A self-learning, self-correcting, LLM-powered harness creation and management system with FAISS-powered RAG, sandboxed execution, and autonomous improvement modes. Powered by Ollama and offline models.

Overview

HarnessHarvester generates executable Python harnesses from natural language task descriptions, executes them in a sandboxed environment, reviews them with multi-faceted LLM judges, and repairs failures using branching strategies. It includes two autonomous modes: autolearn (continuous discovery loop) and autoimprove (iterative enhancement of existing harnesses). This concept is designed to be an offline first harness/scaffolding builder where you get the harness instead of some remote api.

tl;dr: You give it a task -> it makes a python "harness" to do the task -> it runs the harness with some safety attempted (but you never know so probably run in a container to be safer) -> it reviews how well it did -> if it failed, it tries to fix itself -> successful harnesses get stored in a knowledge base for future generations to learn from -> final deliverables can be found in the ./HH/sandbox/ directory.


Usually the normal process is:

  1. You run "Write a function that implements binary search on a sorted array"`
  2. Some frontend sends it off to some witchcraft in the backend (which happens to most likely be an agentic harness) and after it is completed
  3. you get the deliverable, but do not get the harness.

That's what this project is about. You get the harness (the agentic code), and the deliverable (the output of the agentic code).

Who knows what kind of potential one might have with different models and different tasks.

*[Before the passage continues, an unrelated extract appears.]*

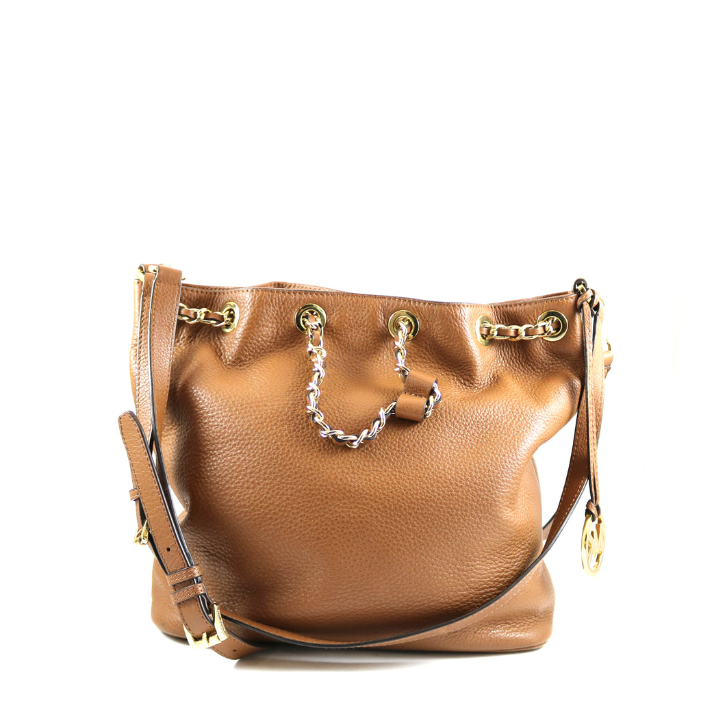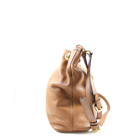 Michael Kors brown crossbody bag with gold- tone hardware and a detachable/adjustable shoulder strap. The bag features both snap and drawstring clo...
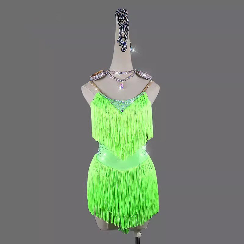 Latin Dance Dress Rhinestone Tassel Women's Performance Training Sleeveless High Spandex

Try it out. Run python main.py full "Create a text file analyzer that counts words, sentences, and paragraphs" to run the full pipeline (generate → execute → review → repair) in one command.

Architecture

HH/
├── main.py                  # CLI entry point
├── config.json              # System configuration
├── _new_ollama.py           # Ollama API wrapper (provided)
├── core/                    # Core infrastructure
│   ├── constants.py         # All system constants
│   ├── config.py            # Thread-safe configuration manager
│   ├── storage.py           # Atomic file I/O with locking
│   ├── logging_setup.py     # Rotating log setup
│   └── utils.py             # LLM wrapper, code extraction, JSON parsing
├── rag/                     # FAISS-powered RAG system
│   ├── embeddings.py        # TF-IDF vectorizer + BM25 scorer
│   ├── engine.py            # FAISS vector index + hybrid search engine
│   ├── ranking.py           # Weighted fusion ranking with MMR diversity
│   ├── snippets.py          # Code snippet store
│   ├── errors.py            # Error pattern store
│   ├── prompts.py           # Prompt template store
│   ├── management.py        # Unified RAG manager
│   └── api.py               # HTTP REST API for RAG (port 8420)
├── harness/                 # Harness management
│   ├── models.py            # Data models (metadata, versions, reviews, etc.)
│   ├── orchestrator.py      # Cognitive workflow with stage-gated permissions
│   ├── generator.py         # LLM-based code generation
│   ├── executor.py          # Sandboxed subprocess execution
│   ├── reviewer.py          # Multi-faceted LLM review system
│   ├── repairer.py          # Self-repair with branching strategy
│   └── runtime.py           # Agentic runtime base class
├── modes/                   # Autonomous modes
│   ├── autolearn.py         # Continuous discovery loop
│   └── autoimprove.py       # Iterative harness enhancement
├── TESTS/                   # Test suite (34 tests)
│   └── test_all.py
├── db/                      # Flat-file database
│   ├── harnesses/           # Generated harness storage
│   ├── rag/                 # RAG indexes and entries
│   │   ├── snippets/
│   │   ├── errors/
│   │   └── prompts/
│   ├── metrics/             # Performance metrics
│   └── autolearn/sessions/  # Autolearn session state
├── sandbox/                 # Sandboxed execution directory
├── api/                     # API package
├── logs/                    # Log files
└── projects/                # Project deliverables

Requirements

  • Python 3.10+
  • Ollama (running locally on port 11434)
  • faiss-cpu + numpy
  • json-repair
  • requests

Setup

# install dependencies:
pip install faiss-cpu numpy json-repair requests

Ollama Models

Configure models in config.json. Defaults:

Role Model Context
Judge hf.co/g023/Qwen3-1.77B-g023-GGUF:Q8_0 40,000
Reasoner qwen3.5:2b 240,000
Generator qwen3.5:4b-q4_K_M 32,000

Usage

Generate a Harness

python main.py harvest "Write a function that implements binary search on a sorted array"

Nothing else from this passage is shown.